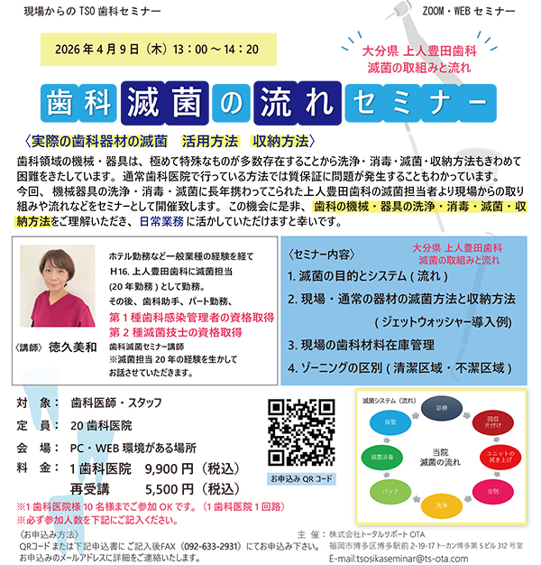 | 歯科領域の機械・器具は、極めて特殊なものが多数存在することから洗浄・消毒・滅菌・収納方法もきわめて困難をきたしています。通常歯科医院で行っている方法では質保証に問題が発生することもわかっています。今回、機械器具の洗浄・消毒・滅菌に長年携わってこられた上人豊田歯科の滅菌担当者より現場からの取り組みや流れなどをセミナーとして開催致します。この機会に是非、歯科の機械・器具の洗浄・消毒・収納方法をご理解いただき、日常業務に活かしていただけますと幸いです。 |
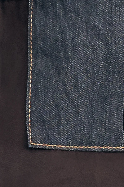 Long sleeve shirt in a dark wash denim contrasted with a black cotton poplin.
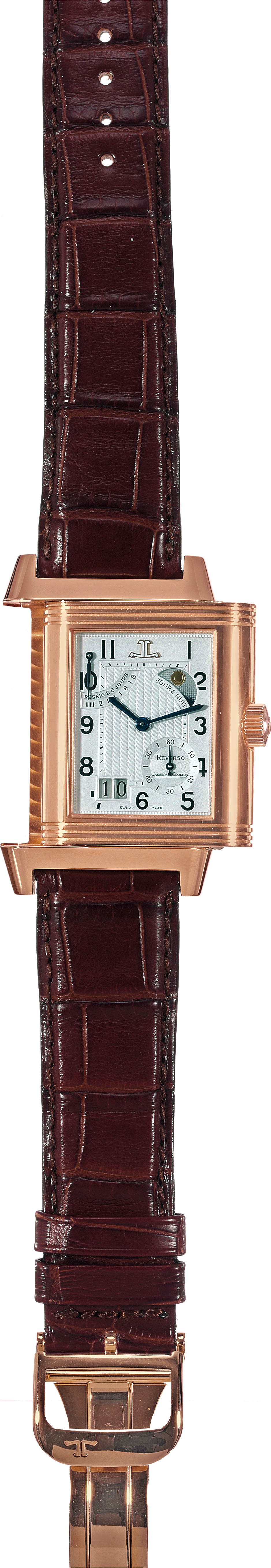 Reverso Septantième Jaeger-Le Coultre, "Reverso Septantième - 8 Days", N°4/ 500, Ref. 240. 2. 19. Made in a limited edition of 500 pieces to commemorate the 70th anniversary of the legendary "Reverso" model in 2002. Very fine and rare, large, rectangular and reversible, 18K pink gold wristwatch with large date, 8-day power reserve, night and day indication and an 18K pink gold Jaeger-LeCoultre deployant clasp. Accompanied by a certificate and manual.
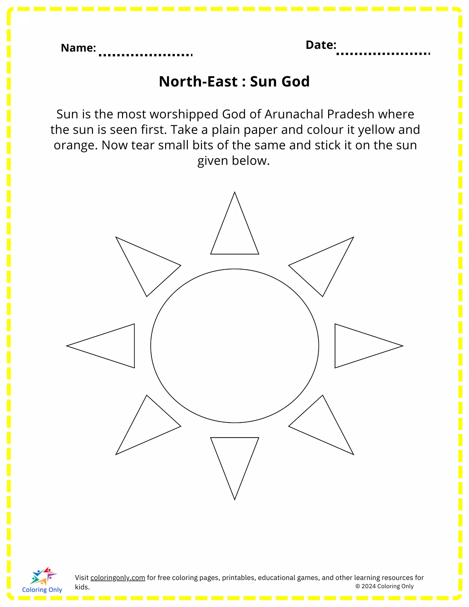 Dieses Arbeitsblatt stellt Kindern den Sonnengott vor, eine verehrte Gottheit in Arunachal Pradesh, wo die Sonne zum ersten Mal zu sehen ist.
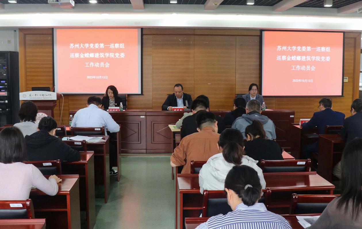 按照学校党委统一部署,校党委第一巡察组将于10月13日至10月26日,对金螳螂建筑学院党委工作开展巡察。10月13日下午,巡察工作动员会在独墅湖校区C01-1207会议室举行,第一巡察组全体成员、金螳螂建筑学院党政班子成员和全体教职工参加会议。动员会由金螳螂建筑学院党委书记陈国凤主持。
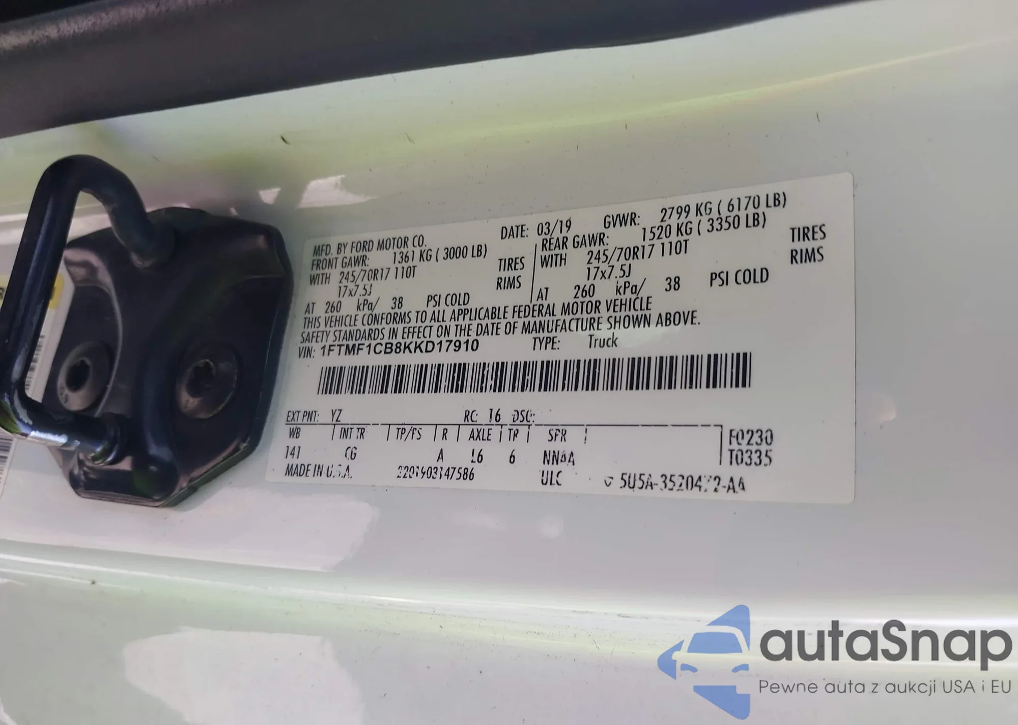 Автомобиль Ford F-150 2019 (VIN 1FTMF1CB8KKD17910) ранее не участвовал в торгах. Документы чистые, пробег соответствует или ниже среднего по рынку. Продаётся страховой компанией — рекомендуем покупку. Доставка в порт займет около 6–8 недель.
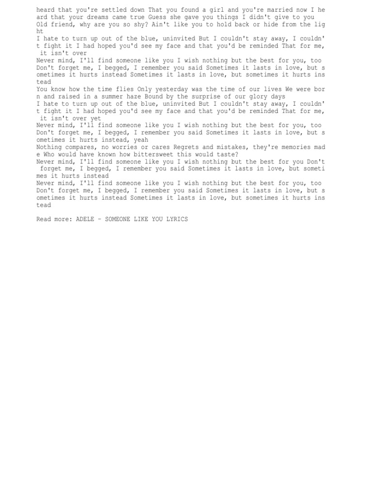 Never mind, i'll find someone like you i wish nothing but the best for you, too don't forget me, i beg, i remember you said sometimes it lasts in love, but sometimes it hurts instead sometimes it lasts in love, but sometimes it hurts instead. chorus: never mind, i'll find someone like you, i wish nothing but the best for you, too, don't forget me, i beg, i remember you said, sometimes it lasts in love, but sometimes it hurts instead, sometimes it lasts in love, but sometimes it hurts instead, yeah. Kam dëgjuar se je vendosur.

--------------------

- Work order: All of the lines above should be printed exactly, minus the pictures.

- Written answer:
 | 歯科領域の機械・器具は、極めて特殊なものが多数存在することから洗浄・消毒・滅菌・収納方法もきわめて困難をきたしています。通常歯科医院で行っている方法では質保証に問題が発生することもわかっています。今回、機械器具の洗浄・消毒・滅菌に長年携わってこられた上人豊田歯科の滅菌担当者より現場からの取り組みや流れなどをセミナーとして開催致します。この機会に是非、歯科の機械・器具の洗浄・消毒・収納方法をご理解いただき、日常業務に活かしていただけますと幸いです。 |
 Long sleeve shirt in a dark wash denim contrasted with a black cotton poplin.
 Reverso Septantième Jaeger-Le Coultre, "Reverso Septantième - 8 Days", N°4/ 500, Ref. 240. 2. 19. Made in a limited edition of 500 pieces to commemorate the 70th anniversary of the legendary "Reverso" model in 2002. Very fine and rare, large, rectangular and reversible, 18K pink gold wristwatch with large date, 8-day power reserve, night and day indication and an 18K pink gold Jaeger-LeCoultre deployant clasp. Accompanied by a certificate and manual.
 Dieses Arbeitsblatt stellt Kindern den Sonnengott vor, eine verehrte Gottheit in Arunachal Pradesh, wo die Sonne zum ersten Mal zu sehen ist.
 按照学校党委统一部署,校党委第一巡察组将于10月13日至10月26日,对金螳螂建筑学院党委工作开展巡察。10月13日下午,巡察工作动员会在独墅湖校区C01-1207会议室举行,第一巡察组全体成员、金螳螂建筑学院党政班子成员和全体教职工参加会议。动员会由金螳螂建筑学院党委书记陈国凤主持。
 Автомобиль Ford F-150 2019 (VIN 1FTMF1CB8KKD17910) ранее не участвовал в торгах. Документы чистые, пробег соответствует или ниже среднего по рынку. Продаётся страховой компанией — рекомендуем покупку. Доставка в порт займет около 6–8 недель.
 Never mind, i'll find someone like you i wish nothing but the best for you, too don't forget me, i beg, i remember you said sometimes it lasts in love, but sometimes it hurts instead sometimes it lasts in love, but sometimes it hurts instead. chorus: never mind, i'll find someone like you, i wish nothing but the best for you, too, don't forget me, i beg, i remember you said, sometimes it lasts in love, but sometimes it hurts instead, sometimes it lasts in love, but sometimes it hurts instead, yeah. Kam dëgjuar se je vendosur.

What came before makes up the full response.